Let reduce some indentation and do

		if (!sev->snp_asid_to_gctx_pages_map[i])
			continue;

> +			status_data.gctx_paddr = sev->snp_asid_to_gctx_pages_map[i];
> +			status_data.address = __psp_pa(snp_guest_status);
> +			ret = sev_do_cmd(SEV_CMD_SNP_GUEST_STATUS, &status_data, &error);

... and
		if (!ret)
			continue;

> +			if (ret) {
> +				/*
> +				 * Handle race with SNP VM being destroyed/decommissoned,
> +				 * if guest context page invalid error is returned,
> +				 * assume guest has been destroyed.
> +				 */
> +				if (error == SEV_RET_INVALID_GUEST)
> +					continue;

Add a blank line here.

And add a comment here about synthetic_restore_required being set.
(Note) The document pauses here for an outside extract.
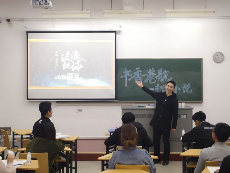 本场主题为中国小说,在主持人孟宪楠介绍了本场交流会的主题之后,彭泽曦同学带来的《一句顶一万句》拉开本场序幕。对于这本书,彭泽曦同学在介绍了书本内容的基础上,还和大家分享了他最喜欢的句子,并谈了谈自己对于这些句子的理解,对于书的认识,并推荐了同名电影。与彭泽曦先看书再看电影的顺序不同,郭蓝天同学则是通过寒假大热电影《流浪地球》产生了对于原著的强烈兴趣从而读了刘慈欣的同名小说。

> +				sev->synthetic_restore_required = true;
> +				dev_err(sev->dev, "SNP GCTX update error: %#x\n", error);
> +				dev_err(sev->dev, "Roll back SNP firmware!\n");

Single message, something like:

"SNP guest context update error %#x, recommend SNP firmware roll back."

> +				snp_free_firmware_page(snp_guest_status);

This is done in the goto below, so must be removed.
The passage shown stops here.